Ein Sprecher der Kommission sagte am Dienstag, dass „die Situation in unseren Partnerländern manchmal schwierig ist […] [aber sie] bleiben souveräne Staaten und haben weiterhin die Kontrolle über ihre nationalen Streitkräfte“.

Der Sprecher der Kommission, Eric Mamer, sagte, die Situation sei „in Bewegung und wir werden weiter daran arbeiten“.

Spanien ist zusammen mit Italien und Malta einer der „Hotspots“ für Migrationsrouten aus Nordafrika über die spanisch-marokkanische Grenze in den Exklaven Ceuta und Melilla und aus Subsahara-Afrika mit Migrationsströmen zu den Kanarischen Inseln.

„Wir haben die Kooperationsabkommen zwischen Spanien und Marokko wiederholt angeprangert und stehen auch den Geldern [EU- und spanische Wirtschaftshilfe] für Marokko sehr kritisch gegenüber, da es keinerlei Transparenz über die Verwendung dieser Gelder gibt“, so Barroso.

Dem Experten zufolge ist es sehr schwierig, diese europäischen Gelder zurückzuverfolgen„, um zu wissen, wohin sie gehen“.

Amnesty International und andere Nichtregierungsorganisationen, die sich für den Schutz der Menschenrechte einsetzen, hätten vor kurzem eine Petition an OLAF, die Betrugsbekämpfungsbehörde der EU, gerichtet. Sie forderten OLAF auf, eine Untersuchung einzuleiten, um zu klären, wie die Gelder, die Marokko und andere Drittländer erreichen und für die Migrationskontrolle bestimmt sind, verwaltet werden, so Barroso.

Solidarität à la carte

Aus den Untersuchungen von Amnesty International vor Ort in Drittländern gehe hervor, dass einige EU-Mitgliedstaaten durch die Auslagerung der Steuerung von Migrationsströmen „möglicherweise Politiken und Maßnahmen ergreifen, die den Menschenrechten zuwiderlaufen“, so Barroso.

Um Verletzungen der Menschenrechte und des Völkerrechts zu vermeiden, forderte die NGO die EU auf, sicherzustellen, dass künftige Abkommen mit Drittstaaten „Garantien“ zum Schutz der Grundrechte von Asylsuchenden enthalten.

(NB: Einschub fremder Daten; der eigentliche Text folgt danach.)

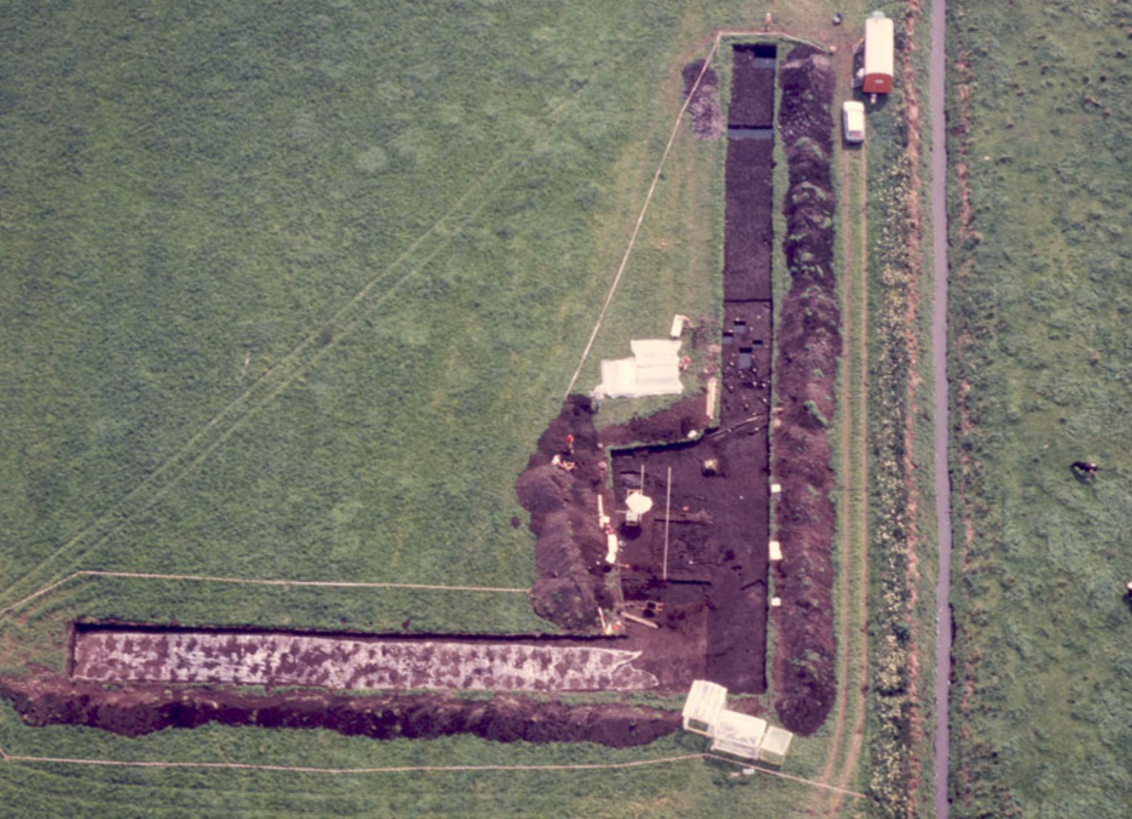
Moor als Bodenarchiv bei Hille-Unterlübbe
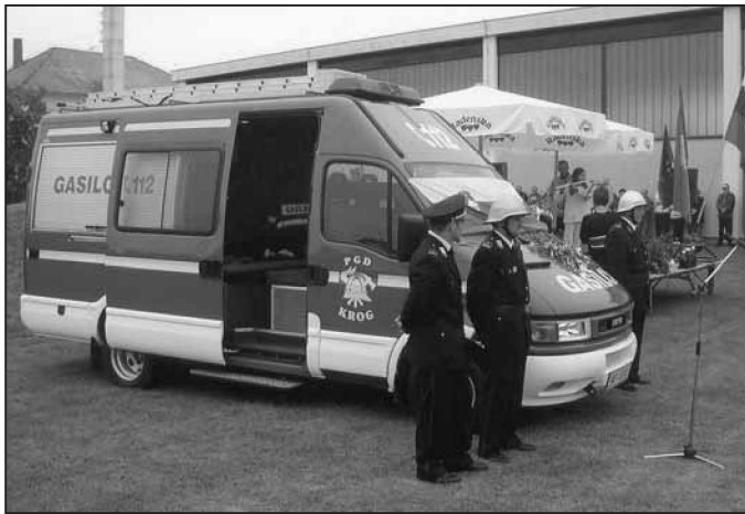
Novo gasilsko vozilo - dokaz, da so ljudje v Krogu gasilstvu zelo naklonjeni.

V primestnem prostovoljnem gasilskem društvu Gasilske zveze Mestne občine (GZMO) Murska Sobota v Krogu, so nekajletna prizadevanja tamkajšnjih gasilcev obrodila bogate sadove dela. Skupaj s krajani, okoliškimi gasilci in številnimi gosti so namreč namenu predali novo kombinirano vozilo. S tem so zamenjali dosedanje orodno vozilo, ki je bilo njihovo prvo in je namenu služilo natanko dve desetletji.
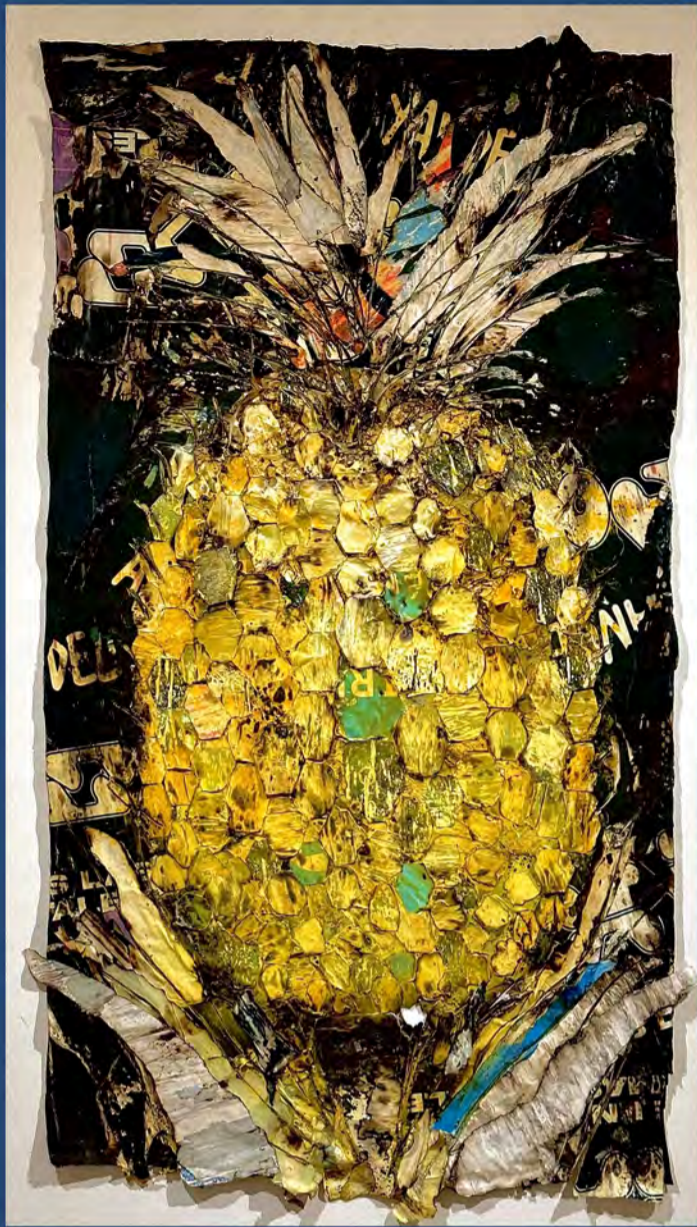
#Quijano / Medio mixto sobre tela / 26" x 43" / 2023
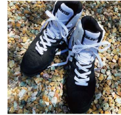
ブラックとホワイトの2種の靴ひもが付属します。
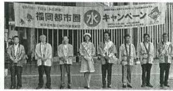
福岡県では、8月1日の「水の日」、8月1日から7日の「水の週間」に合わせ「福岡都市圏水キャンペーン」を実施した。...
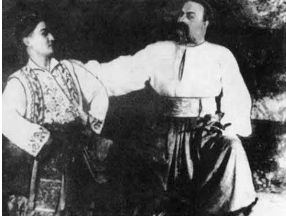
Махмуд в балете В. Соловьева-Седого «Тарас Бульба»...
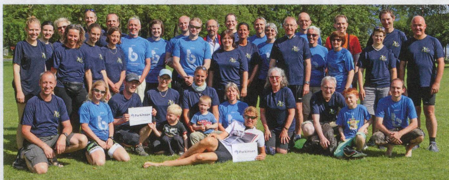
Une fois encore, l'association a été soutenue par des parkinsoniens et des collaborateurs de la CLINIQUE BETHESDA et de la « Rehaklinik Zihlschlacht ».

Besondere Sorge bereiten die Europawahlen im Juni, bei denen jüngste Umfragen ein Erstarken rechtspopulistischer bis -extremer Parteien wie Fratelli d’Italia, Alternative für Deutschland (AfD) oder Vox in Spanien vorhersagen.

„Wir sind besorgt über den Ton, den einige EU-Regierungen in der Migrationsfrage anschlagen und der Hass gegen Migranten und Flüchtlinge schüren könnte“, betonte Barroso.

„Der Solidaritätsmechanismus (des Migrations- und Asylpakts) verfügt leider nicht über ein System mit einer einheitlichen und verbindlichen Formel für die Verteilung und Aufnahme durch die Mitgliedstaaten, das es jedem ermöglicht, zu zahlen, anstatt Migranten aufzunehmen“, sagte der Experte von Amnesty International.

„Es ist sehr beunruhigend, dass Menschenhandel betrieben wird und wir nicht über echte Solidarität sprechen, um diese Menschen in Europa auf würdige und angemessene Weise aufzunehmen“.

Der Umgang mit Migranten und Geflüchteten dürfe nicht „der Willkür und dem Willen der einzelnen Mitgliedstaaten überlassen werden“, schloss sie.